The landscape of speech-to-text technology is shifting rapidly from general-purpose, cloud-dependent models toward highly optimized, on-device implementations that leverage dedicated silicon. While Apple continues to close the gap between native OS functionality and third-party tools, the discussion reflects a clear tension between the convenience of integrated features and the high performance required by power users and niche professionals.
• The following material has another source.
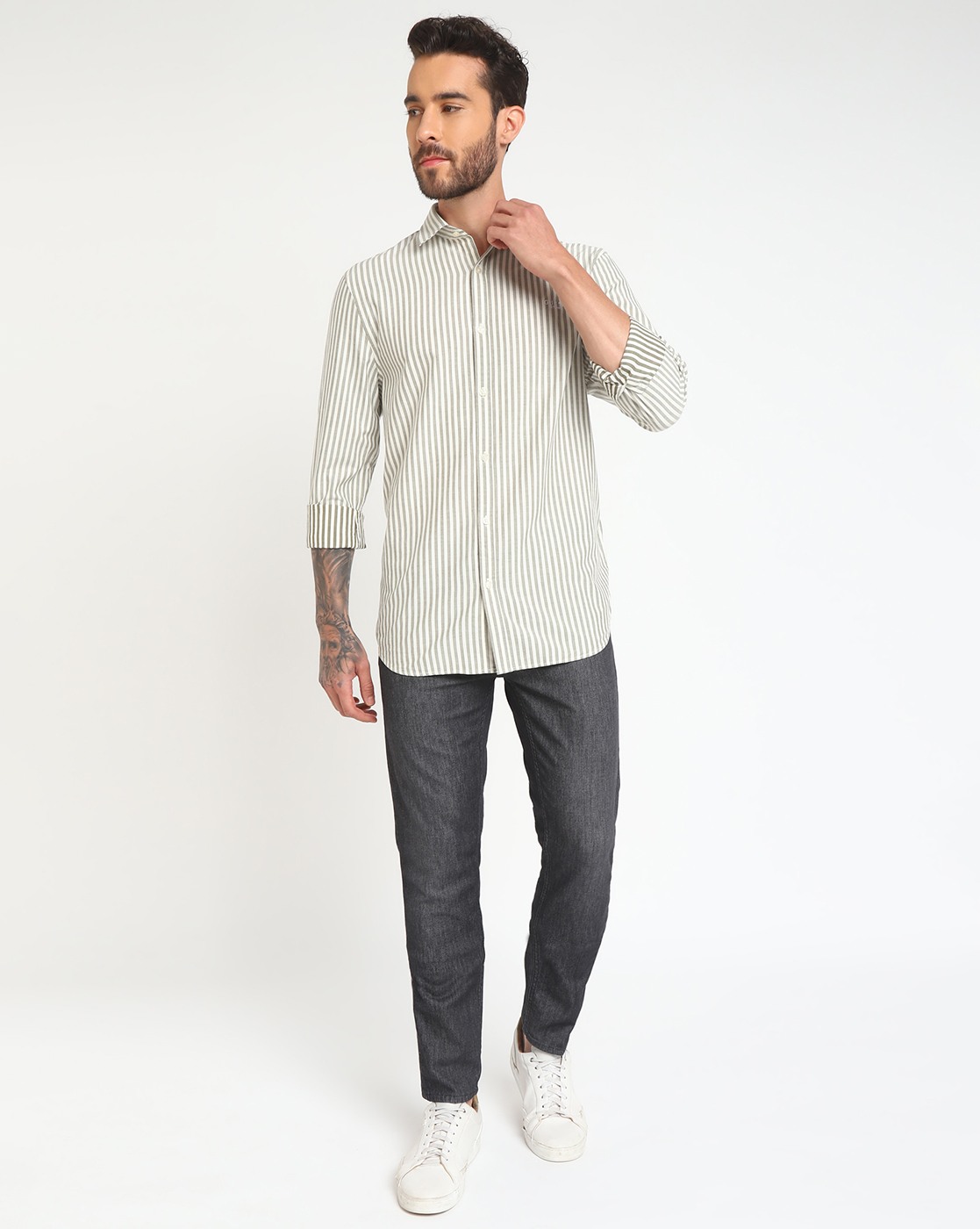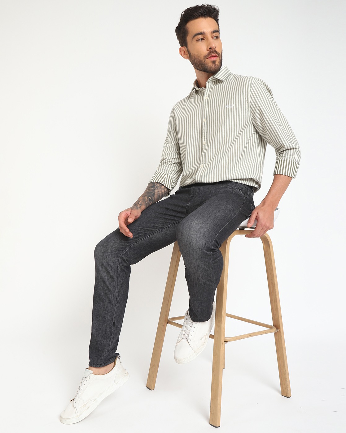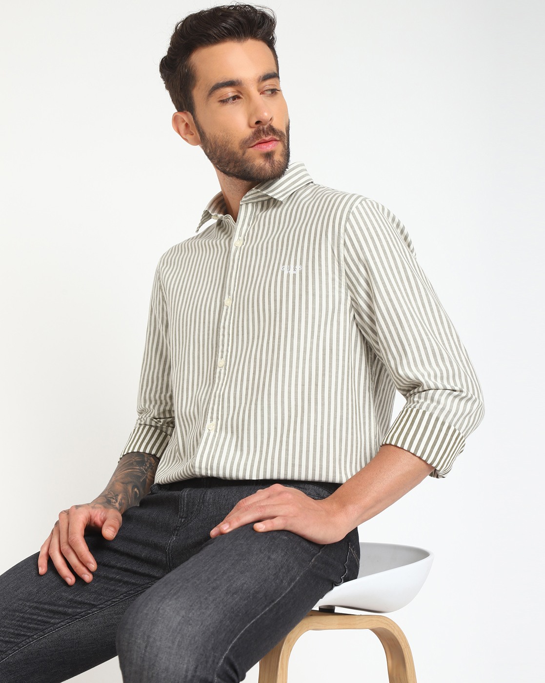 • Guess Men's White Cotton Stripes Regular Fit Full Sleeves Shirts

Despite the impressive speed and efficiency of new proprietary engines, there is a strong demand for more transparency, better handling of technical vocabulary, and robust support for diverse accents and languages. As the barrier to building wrappers lowers, the future of the space appears to favor developers who can successfully bridge the "last mile" of usability through clever post-processing and superior interface design.